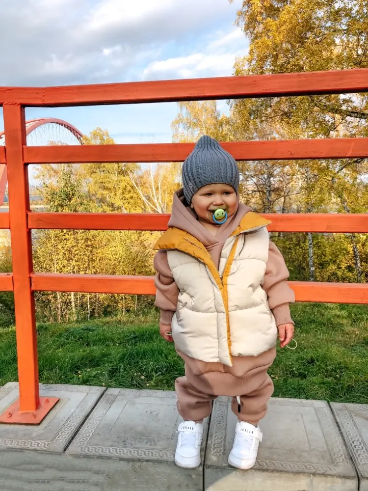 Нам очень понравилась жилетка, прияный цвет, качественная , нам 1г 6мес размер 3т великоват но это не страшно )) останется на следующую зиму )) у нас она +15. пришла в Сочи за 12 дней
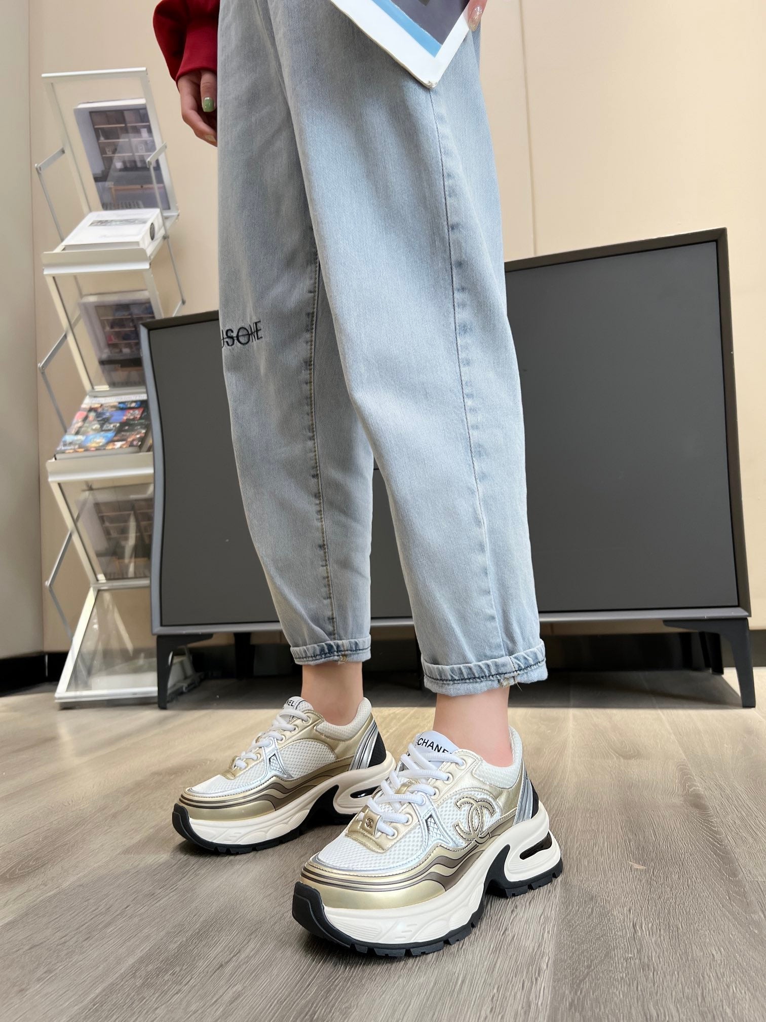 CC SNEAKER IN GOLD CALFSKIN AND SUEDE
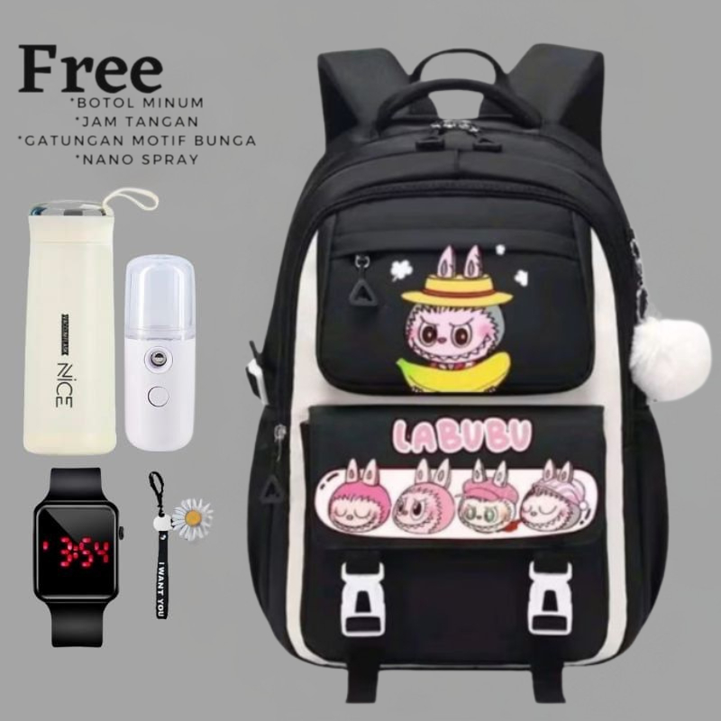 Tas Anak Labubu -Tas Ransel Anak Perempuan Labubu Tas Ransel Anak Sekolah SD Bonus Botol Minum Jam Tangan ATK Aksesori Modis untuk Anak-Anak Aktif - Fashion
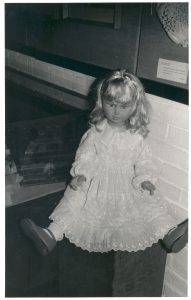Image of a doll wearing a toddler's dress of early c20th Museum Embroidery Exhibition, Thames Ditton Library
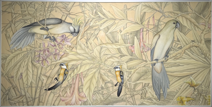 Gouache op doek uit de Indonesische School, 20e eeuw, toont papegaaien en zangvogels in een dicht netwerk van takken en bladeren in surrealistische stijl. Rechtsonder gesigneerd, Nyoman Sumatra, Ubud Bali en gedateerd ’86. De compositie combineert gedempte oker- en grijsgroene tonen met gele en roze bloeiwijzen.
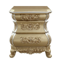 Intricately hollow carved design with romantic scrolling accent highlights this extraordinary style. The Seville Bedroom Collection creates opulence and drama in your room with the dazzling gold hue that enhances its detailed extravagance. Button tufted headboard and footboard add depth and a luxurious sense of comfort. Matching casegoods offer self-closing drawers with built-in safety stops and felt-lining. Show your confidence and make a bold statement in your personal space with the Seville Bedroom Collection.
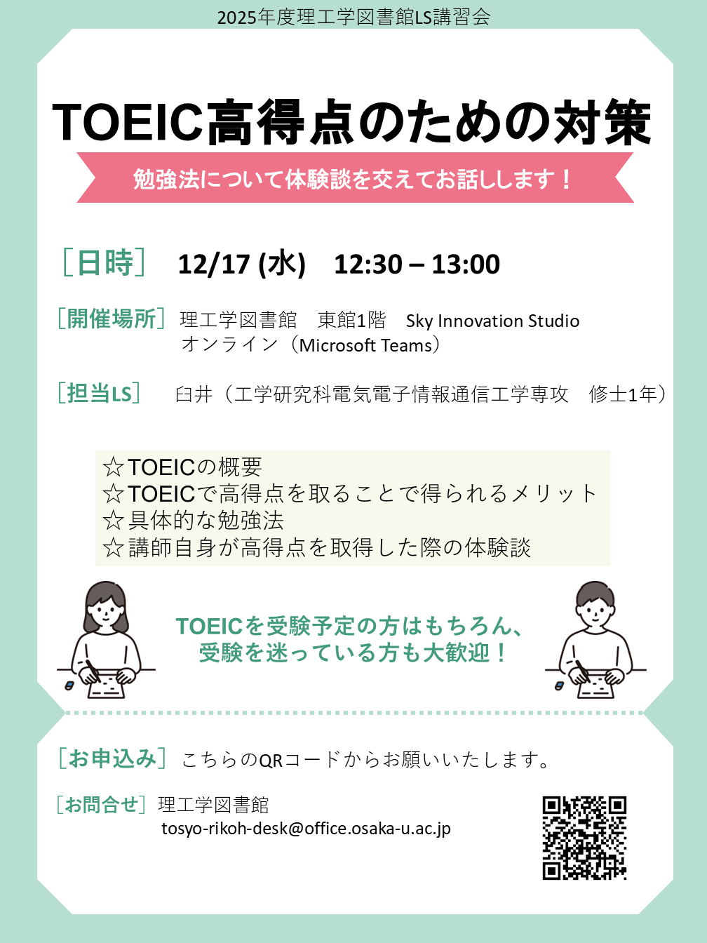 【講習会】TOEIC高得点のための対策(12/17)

● ● ● ● ● ● ●

Exercise –
Your copy of the entries must be exact and must not include any of their pictures.

Solution to the exercise –
 Нам очень понравилась жилетка, прияный цвет, качественная , нам 1г 6мес размер 3т великоват но это не страшно )) останется на следующую зиму )) у нас она +15. пришла в Сочи за 12 дней
 CC SNEAKER IN GOLD CALFSKIN AND SUEDE
 Tas Anak Labubu -Tas Ransel Anak Perempuan Labubu Tas Ransel Anak Sekolah SD Bonus Botol Minum Jam Tangan ATK Aksesori Modis untuk Anak-Anak Aktif - Fashion
Image of a doll wearing a toddler's dress of early c20th Museum Embroidery Exhibition, Thames Ditton Library
 Gouache op doek uit de Indonesische School, 20e eeuw, toont papegaaien en zangvogels in een dicht netwerk van takken en bladeren in surrealistische stijl. Rechtsonder gesigneerd, Nyoman Sumatra, Ubud Bali en gedateerd ’86. De compositie combineert gedempte oker- en grijsgroene tonen met gele en roze bloeiwijzen.
 Intricately hollow carved design with romantic scrolling accent highlights this extraordinary style. The Seville Bedroom Collection creates opulence and drama in your room with the dazzling gold hue that enhances its detailed extravagance. Button tufted headboard and footboard add depth and a luxurious sense of comfort. Matching casegoods offer self-closing drawers with built-in safety stops and felt-lining. Show your confidence and make a bold statement in your personal space with the Seville Bedroom Collection.
 【講習会】TOEIC高得点のための対策(12/17)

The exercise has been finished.